La Mauritius Broadcasting Corporation a diffusée un spot pour des préservatifs durant une émission consacrée au Ramadan. Question, comment une publicité pour des préservatifs s`est-elle  glissée dans cette émission ? La MBC, pour ses programmes radios, fonctionne avec un réalisateur et un technicien. Mais ce qui se passe a l`antenne tombe sous la responsabilité  d`un responsable des programmes ou un directeur des programmes. Or la MBC n`a pas de responsable d`antenne.

Le Vendredi (?)

L’hypersensibilité dont fait preuve la télévision nationale mauricienne – l’organe de communication incontestée du gouvernement – face à la chose religieuse (ou l’interprétation que l’on fait de la « culture » à Maurice) ne date pas d’hier et ne surprend plus. Toutefois, la tendance, loin d’être rassurante, mérite d’être soulignée car cet « affaire du préservatif halal (ou pas) » n’est pas un incident isolé.

Car il n’y a pas si longtemps, plusieurs personnes avaient remarqué que la série indienne culte – qui accompagne plus de 50% des abonnés de la MBC pendant leur dîner, ceux n’ayant pas les moyens de s’abonner aux bouquets satellites – Kyunki Saas Bhi Kabhi Bahu Thi, avait été remplacé par l’autre série indienne culte, Mahabharata – cette série datant du début des années 90 et racontant l’épopée du dieu hindou Krishna.
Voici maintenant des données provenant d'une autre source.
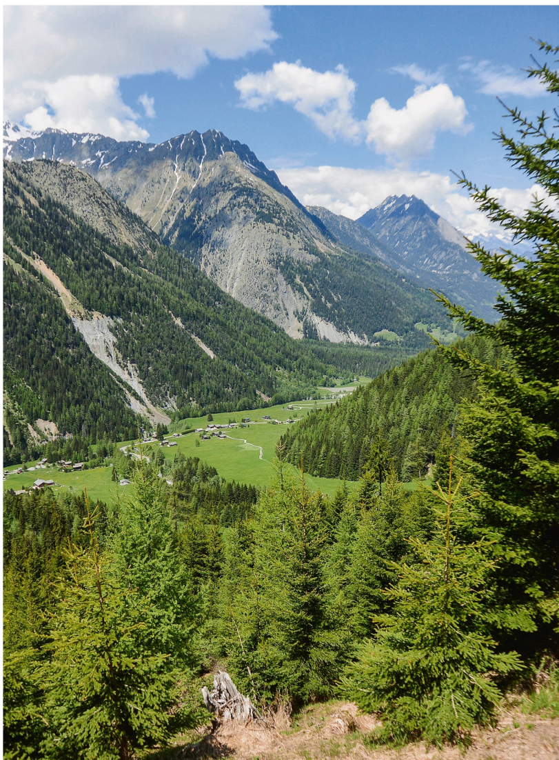
Fig. 1 La forêt remplit plusieurs fonctions sur les plans environnemental, social et productif. Elle protège notamment les habitations et les infrastructures contre les dangers naturels.

Mais voilà, il ressort que cette démarche de la station nationale de télévision émane d’un lobby exercé par certains groupes de pression hindous – Voice of Hindu et Kranti – qui s’élèvent contre le dénouement de cette série. Si la série Kyunki Saas Bhi Kabhi Bahu Thi connaissait autant de succès en Inde il y a quelques années, le manque d’imagination et les tournures invraisemblables ont fini par plonger les scénaristes dans des bassesses jugées « impardonnables » par l’audience indienne. Ainsi, la réalisatrice de la série Ekta Kapoor, s’est même retrouvée face à la justice, car certains « puristes » trouvaient que la série « bafouaient les valeurs ancestrales de la société indienne ».
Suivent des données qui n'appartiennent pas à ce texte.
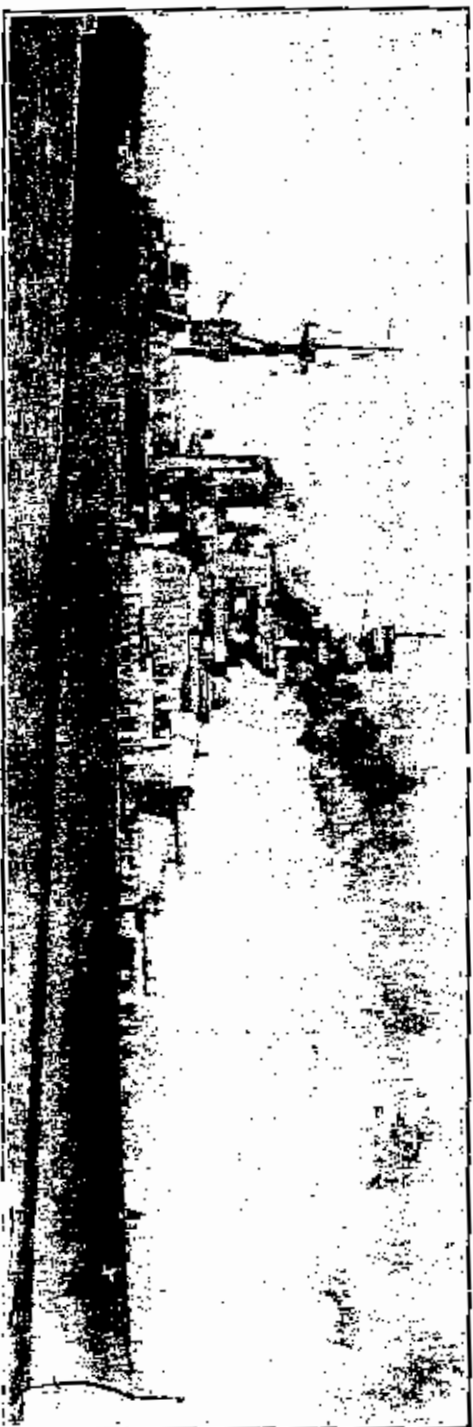
مقتطف سبتمبر ١٩١٩ العام المنقحة ١٨٠

Les « puristes » mauriciens emboîtent le pas aux « puristes » indiens : jusqu’ici tout va bien, la société mauricienne suit le cours de la logique sectaire. Toutefois, au fur et a mesure que les choses se dévoilent, quelque chose m’a frappé : ce lobby des groupes de pressions ethniques hindous s’inscrivent dans une logique particulière, le combat contre la conversion qui « sévirait » actuellement. Casser la séquence quotidienne de la série Kyunki Saas Bhi Kabhi Bahu Thi par la série retraçant l’épopée mythologique indienne est vu comme un moyen de ramener les hindous à leurs valeurs ancestrales par les groupes de pression hindous.
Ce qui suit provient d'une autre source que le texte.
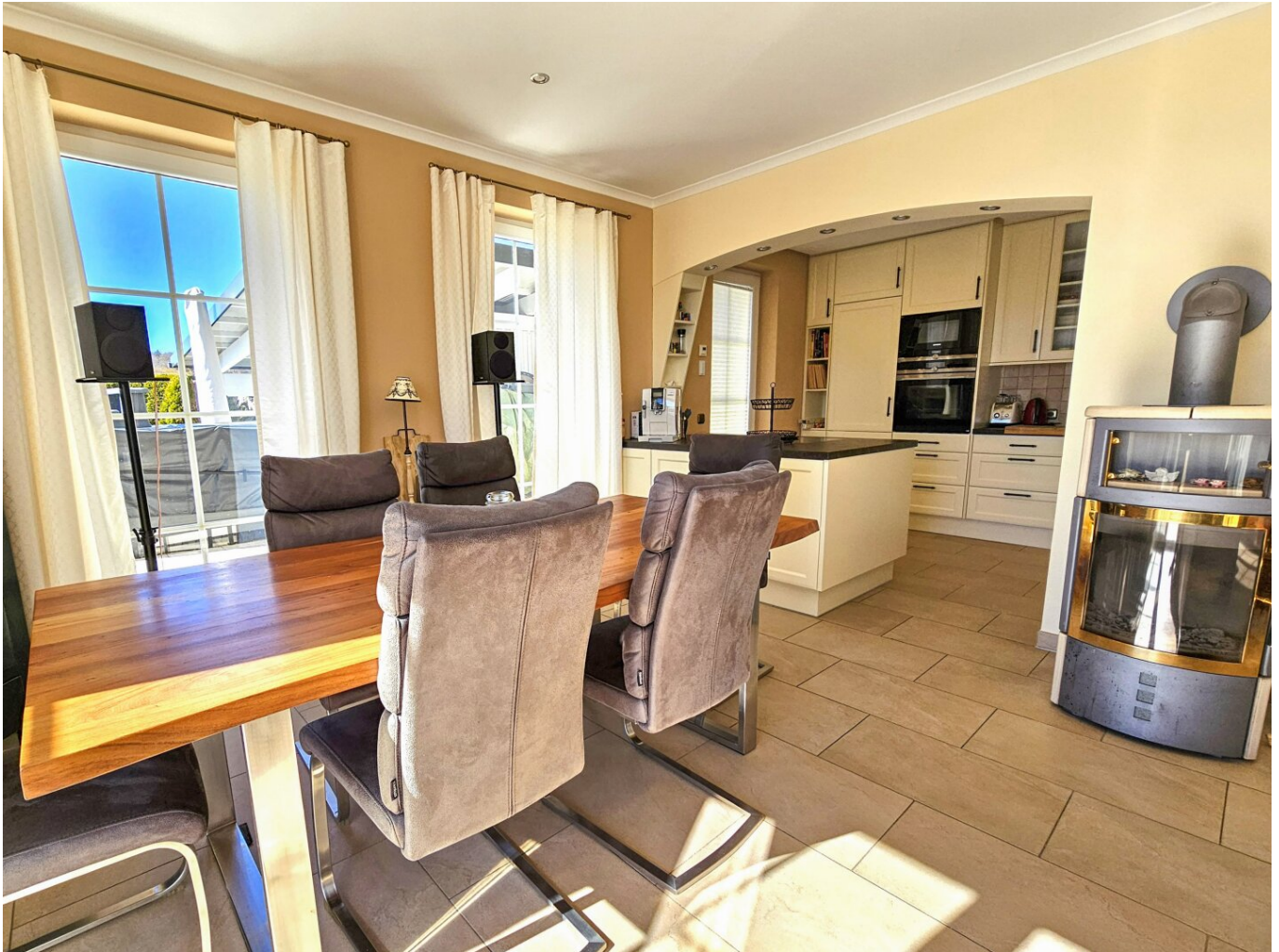
Blick über Essbereich in die moderne Tischler-Einbauküche

Mais doit-on vraiment s’en étonner ? Après tout, la République de Maurice n’est pas laïc – officiellement. L’Etat ne reconnait pas « le Mauricien », mais des entités distinctes, chacun suivant les « styles de vie » se rapportant à quatre catégories clairement définies. Finalement, quoique dise la population, l’Etat mauricien demeure constant avec sa politique sectaire « républicaine ». Peut-être la faute ici revient à cette tranche de la population qui se sent interpellée par ces événements. Ils vivent dans l’illusion d’une autre République de Maurice. Celle ou l’Etat est laïc et ne s’immice pas dans les considérations ethniques. Mais voilà, c’est une illusion.